Schema changes are managed with Alembic. Migrations run automatically on startup (alembic upgrade head).

Create a new migration after modifying SQLAlchemy models:

docker compose exec backend alembic revision --autogenerate -m "description"

Inspect migrations:

docker compose exec backend alembic upgrade head   # apply all pending
docker compose exec backend alembic current        # show current revision
docker compose exec backend alembic history        # list all revisions

Existing deployments upgrading from a pre-Alembic version should stamp the database first:

docker compose exec backend alembic stamp head

On Kubernetes:

kubectl exec -n mesh-planner deploy/mesh-planner-backend -- alembic upgrade head

🔄 CI/CD

A GitHub Actions pipeline (.github/workflows/ci.yml) runs on every push and pull request to main:

Job Trigger Description
lint push + PR ruff check and ruff format --check on backend/
test push + PR pytest against a PostgreSQL service container
docker-build PR only Validates both Dockerfiles build successfully
docker-publish push to main Builds and pushes images to GHCR

Published images:

  • ghcr.io/metro-olografix/mesh-planner-backend:<sha> / :latest
  • ghcr.io/metro-olografix/mesh-planner-frontend:<sha> / :latest

📻 LoRa Presets & Hardware

The planner calculates the thermal noise floor as: −174 dBm + 10·log₁₀(BW_Hz) + NF_dB.

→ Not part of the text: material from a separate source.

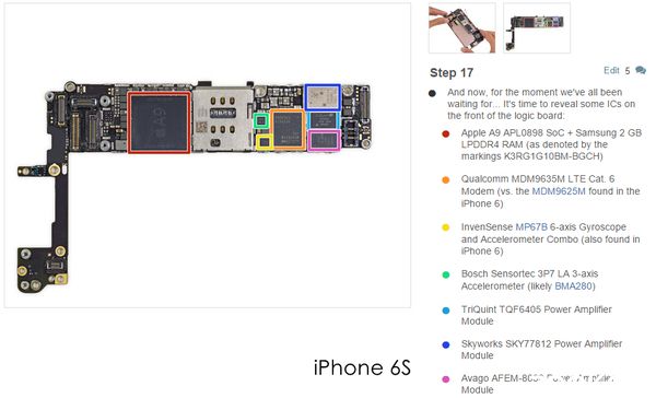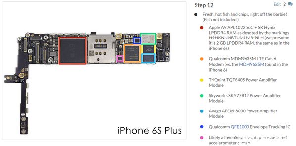 在 iFixit 的拆解示意图中可以清楚的看到,iPhone 6s 的 A9 处理器型号为“APL0898”,而 iPhone 6s Plus 的则为“APL1022”。处理器型号不同所使用的内存也不同,APL0898 搭配的是三星提供的 LPDDR4 2GB RAM,APL1022 则是海力士提供的 LPDDR4 2GB RAM。

Preset SF BW (kHz) Floor (dBm) Min SNR (dB)
SHORT_FAST 7 500 −114 -7.5
SHORT_SLOW 8 250 −120 -10.0
MEDIUM_FAST 9 250 −121 -12.5
MEDIUM_SLOW 10 250 −121 -15.0
LONG_FAST 11 250 −121 -17.5
LONG_SLOW 12 125 −124 -20.0
VERY_LONG_SLOW 12 125 −124 -20.0

The hardware database contains optimised parameters for over 28 devices, including LilyGo (T-Beam, T-Echo, T-Deck), Heltec, RAKwireless, and Seeed Studio. Custom antenna gains can be set per-node to override hardware defaults.